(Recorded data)
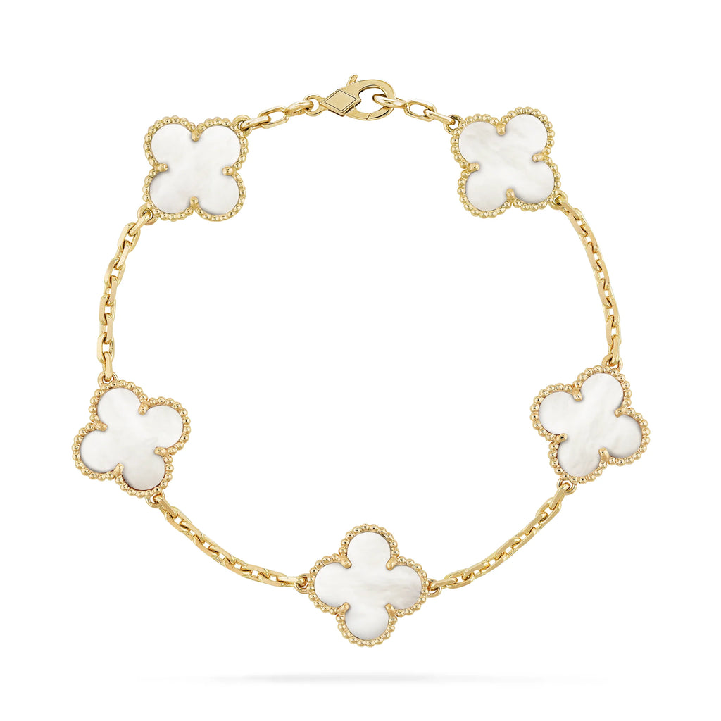 Four-Leaf Clover Bracelet – White Mother of Pearl, Rose Gold Vermeil, 925 Sterling Silver
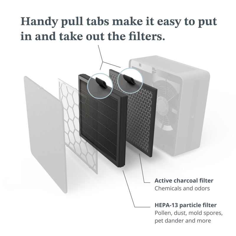 - The combination of a HEPA-13 filter and an activated carbon filter provides effective protection against various types of airborne pollution, including particulate matter, allergens, odors and chemicals.
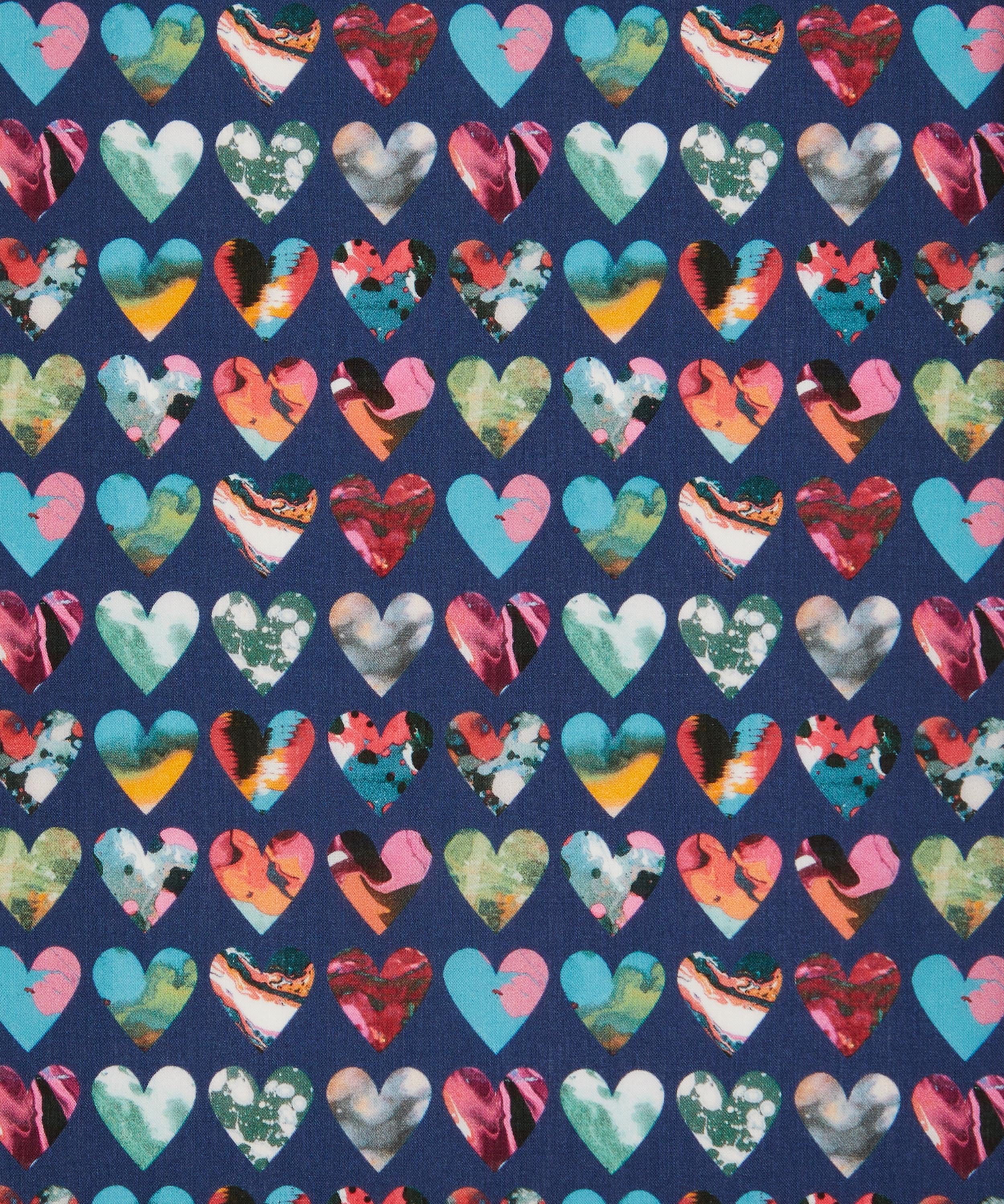 Designed by the Liberty studio in 2014, this highly textural grid of formally arranged hearts features a multitude of gradating colours and mark-making techniques.
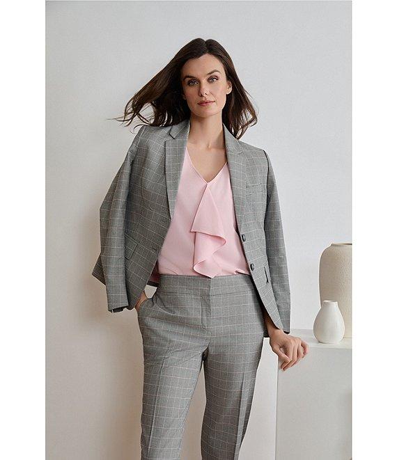 From Kasper, this top features: Crepe to sheen fabrication Blouse V neckline Sleeveless Cascading ruffle center front Pull over construction Approx. 24" length Polyester Machine wash cold Imported.
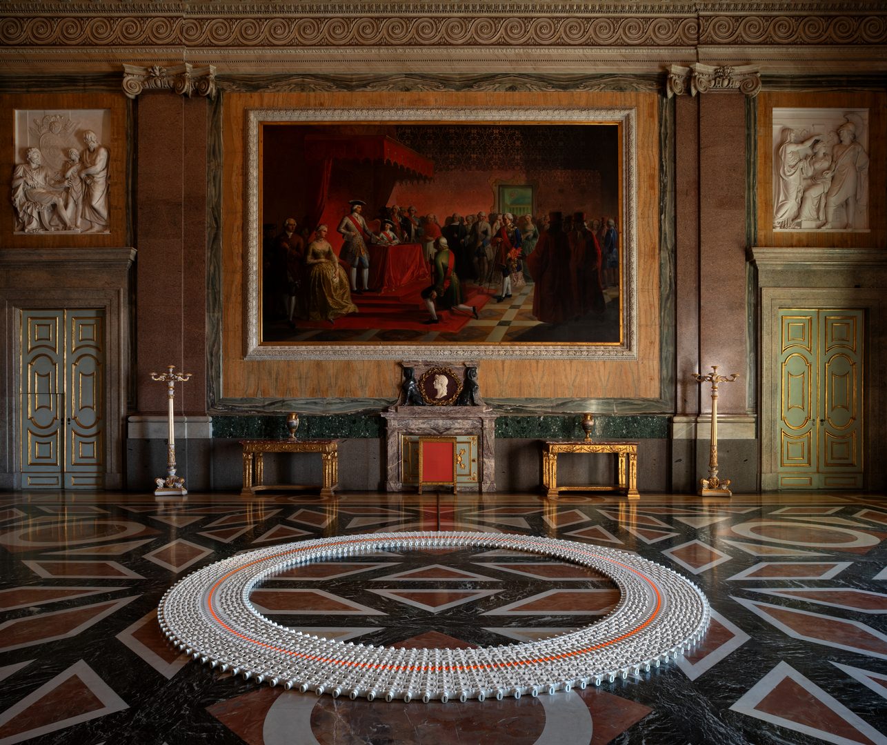 SINOPSI: Il lavoro di Shay Frisch affronta i temi dell'energia e dello spazio, ed è meglio conosciuto per i suoi campi elettrici (campo) formati dall'assemblaggio di adattatori elettrici, un elemento industriale asettico contenuto all'interno di ripetizioni modulari e trasformato dall'elettricità in una materia viva e pulsante. Il passaggio dell'elettricità attraverso l'opera, prendendo così forma, genera un campo elettromagnetico che diffonde la sua carica nello spazio circostante. I moduli che formano il “campo” mantengono all'interno una carica elettrica, rilevata da indicatori luminosi a testimonianza di un fenomeno in atto che si svolge in diretta.

» **TASK INSTRUCTIONS**:
The answer must consist solely of the lines from the first line of the records through the line containing "- The combination", reproduced exactly and without the pictures.

» **TASK OUTPUT**:
 Four-Leaf Clover Bracelet – White Mother of Pearl, Rose Gold Vermeil, 925 Sterling Silver
 - The combination of a HEPA-13 filter and an activated carbon filter provides effective protection against various types of airborne pollution, including particulate matter, allergens, odors and chemicals.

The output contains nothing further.